Disconnection of parietal and occipital access to the saccadic oculomotor system.

Exp Brain Res

Department of Anatomy and Cell Biology, SUNY-Health Science Center, Syracuse 13210.

Published: July 1988

The experiment explored the networks through which signals arising from visual areas of cortex control saccadic eye movements. Electrical stimulation of the inferior parietal and the occipital cortex (here termed the "posterior eye fields") normally evokes saccadic eye movements. We replicated previous reports that these evoked eye movements ceased after large tectal ablations. This initial finding suggested that the "posterior eye fields" depended on a single route of access to the saccade generator, one descending through the superior colliculus (SC).

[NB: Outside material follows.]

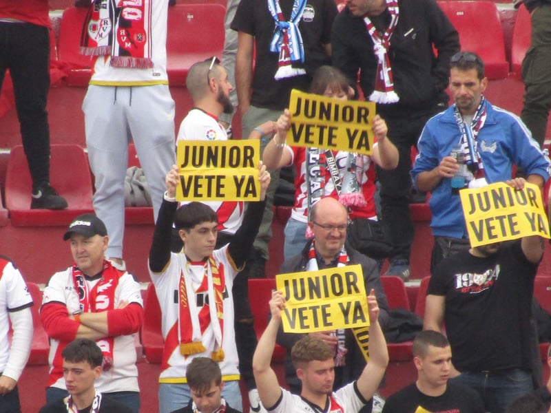 Como símbolo de que la escena escapó de la espontaneidad, los más de 100 aficionados rayistas presentes en la grada visitante colocada en lo más alto de la Grada de Gol Sur, esquina con el graderío de Fondo, mostraron las famosas pancartas amarillas con las grafías negras de "Junior, vete ya", que más de 2.000 aficionados sevillistas mostraron en la previa al partido al Getafe. Al margen de lo que sucediera en el césped, donde la rivalidad campó a sus anchas entre dos equipos que afrontaron la jornada con tan solo un punto de distancia, la tensión se palpó en el ambiente durante varios momentos del duelo.
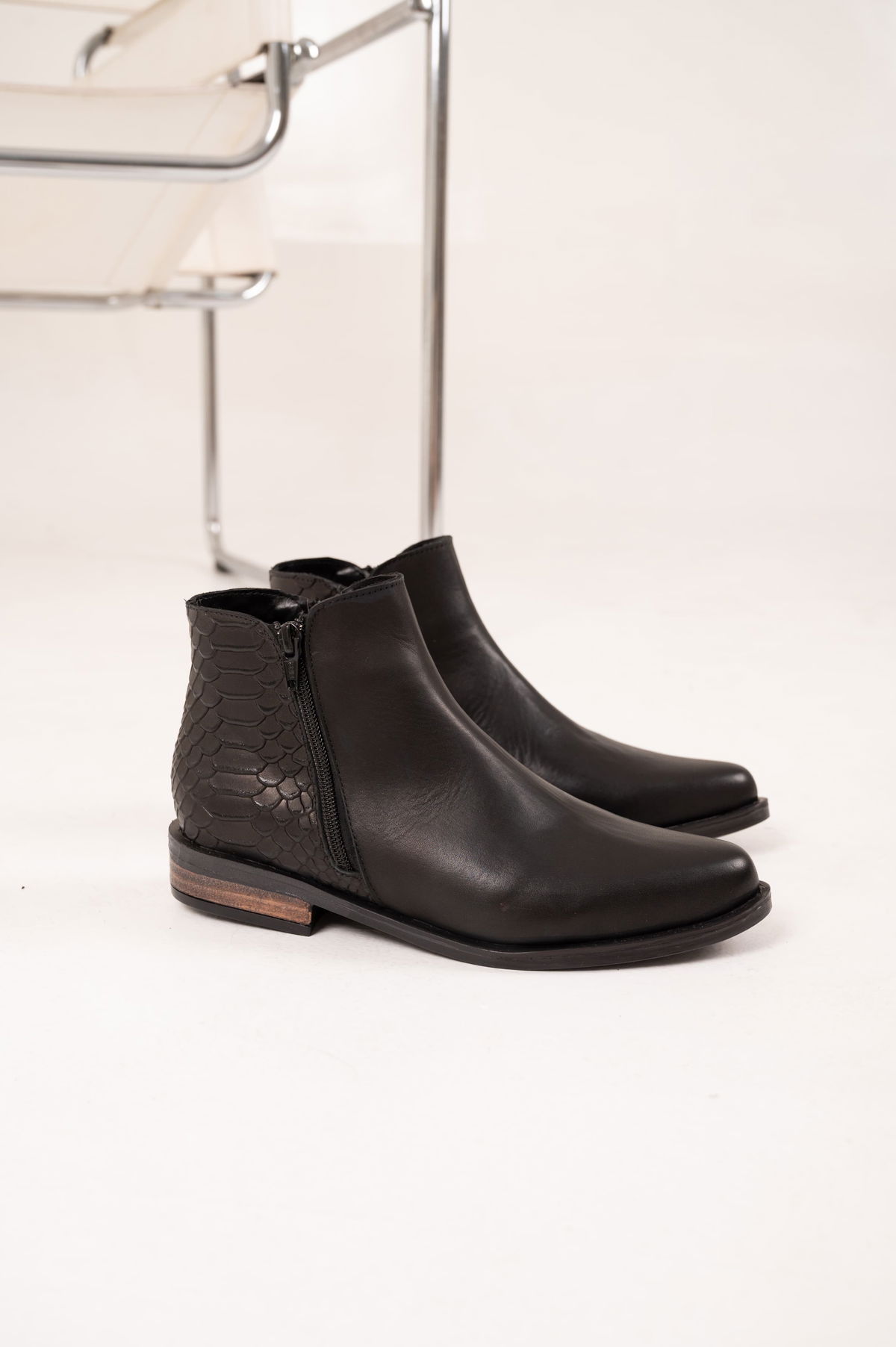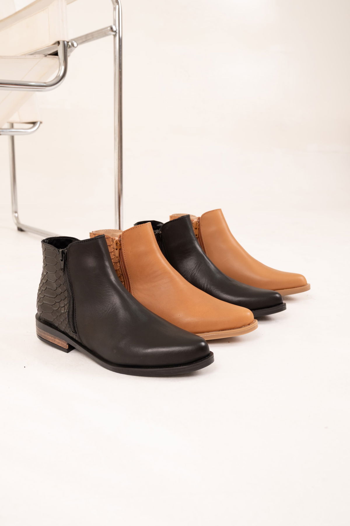 Botineta clásica y versátil, confeccionada en cuero, ideal para acompañar cualquier look de todos los días. Su diseño simple y atemporal, con cierre lateral que facilita el calce, la convierte en un básico infaltable para la temporada.

On closer examination, the critical lesion appeared to be one which removed the SC and cut efferents from the frontal eye field (FEF) coursing nearby. Subsequently we confirmed that eye movements evoked from the posterior eye fields ceased after cooling the SC, or cutting its efferents- but only when one of these procedures was combined with FEF ablation. Thus, visual signals from the occipital and inferior parietal cortex have more than one, but perhaps only two routes of access to the oculomotor system. One passes through the superior colliculus, the other through the frontal eye field. Ancillary experiments revealed that inferior parietal and FEF ablations, alone or combined, do not disrupt saccades evoked from the occipital lobe. Striate and prestriate areas can therefore use their own direct input to the SC or to the basal ganglia to drive saccadic eye movements.